HTTP request sent, awaiting response... 302 Found
Location: http://localhost/blocked.html [following]
--2012-09-05 16:55:14-- http://localhost/blocked.html
Connecting to localhost|127.0.0.1|:80... connected.
HTTP request sent, awaiting response... 200 OK
Length: 65 [text/html]
Saving to: `blocked.html'

100%[======================================>] 65 --.-K/s in 0s

2012-09-05 16:55:14 (3.86 MB/s) - `blocked.html' saved [65/65]

BTW, love the graphic.

[srpurdy]

You can change the redirect to anything you like. You do not have to use https or port 30000, thats just an example.

Example:

WAF_REDIRECT_URL="http://%{server_name}/blocked.html"

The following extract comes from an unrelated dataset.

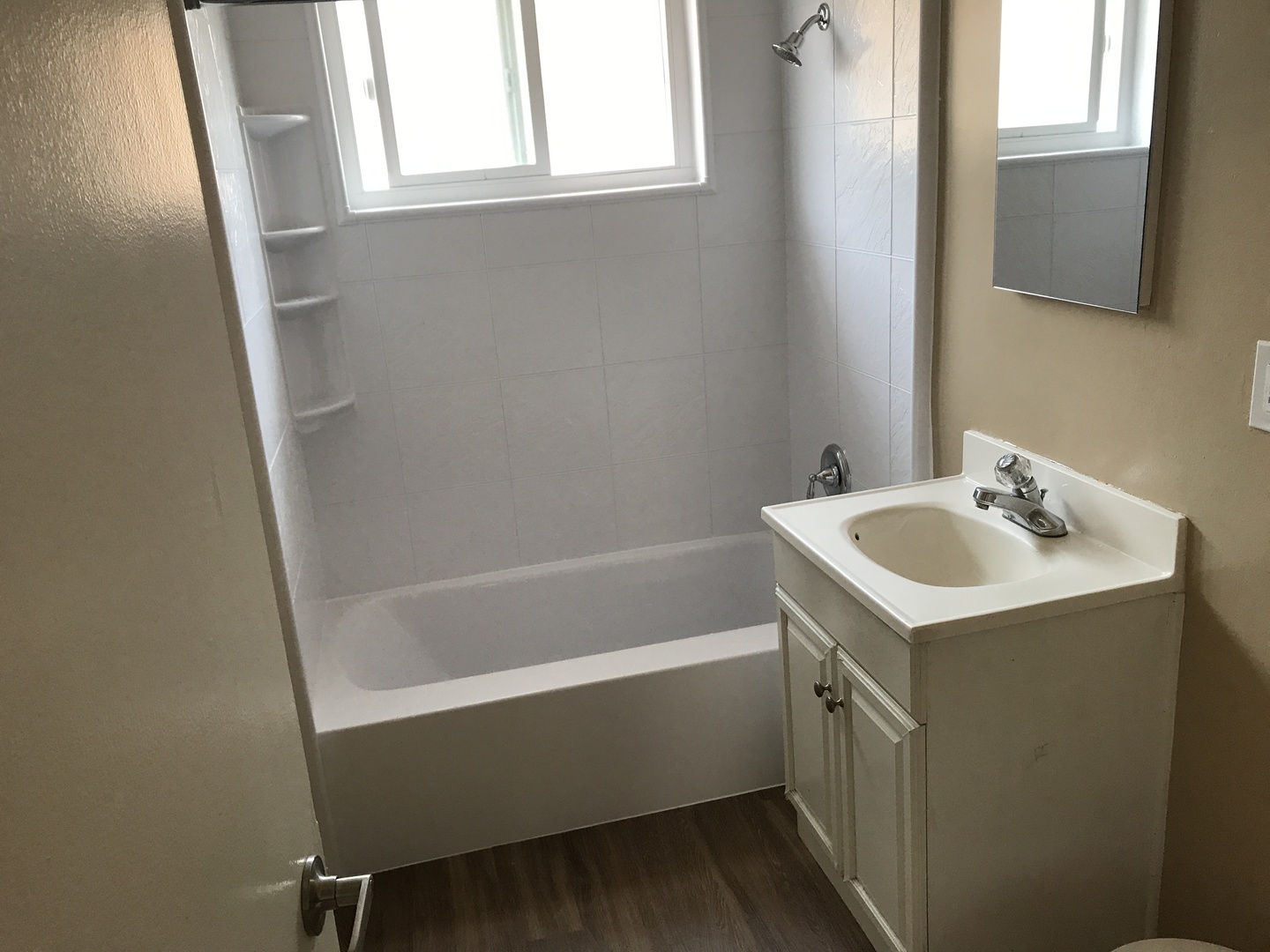 Two Bedroom one bath fully remodeled. You will enjoy the updated paint colors, and new wood floors. The kitchen has new cabinets with quartz counter top. The bath has a new vanity with quartz counter, new tub and tub surround.

[root@asl-modsec-test ~]# wget http://localhost/bar.php?bar=http://www ... .com/snarg
--2012-09-05 16:55:14-- http://localhost/bar.php?bar=http://www ... .com/snarg
Resolving localhost... 127.0.0.1
Connecting to localhost|127.0.0.1|:80... connected.
HTTP request sent, awaiting response... 302 Found
Location: http://localhost/blocked.html [following]
--2012-09-05 16:55:14-- http://localhost/blocked.html
Connecting to localhost|127.0.0.1|:80... connected.
HTTP request sent, awaiting response... 200 OK
Length: 65 [text/html]
Saving to: `blocked.html'

100%[======================================>] 65 --.-K/s in 0s

2012-09-05 16:55:14 (3.86 MB/s) - `blocked.html' saved [65/65]

BTW, love the graphic.

Doh! I thought for some reason the information variables tied into ASL somehow but guess not. Works great now thanks.

Although I'm really displaying much just the ip address for now.

Also attached a basic template anyone wants to use it. included twitter bootstrap, and responsive css.

blocked_bootstrap.zip

(97.07 KiB) Downloaded 379 times

[mikeshinn]

No worries, glad I could help.

The idea behind the port 30000 and https was to redirect to a port/listener that maybe was always open, so even if you shunned the badguy they would still get the page explaining why.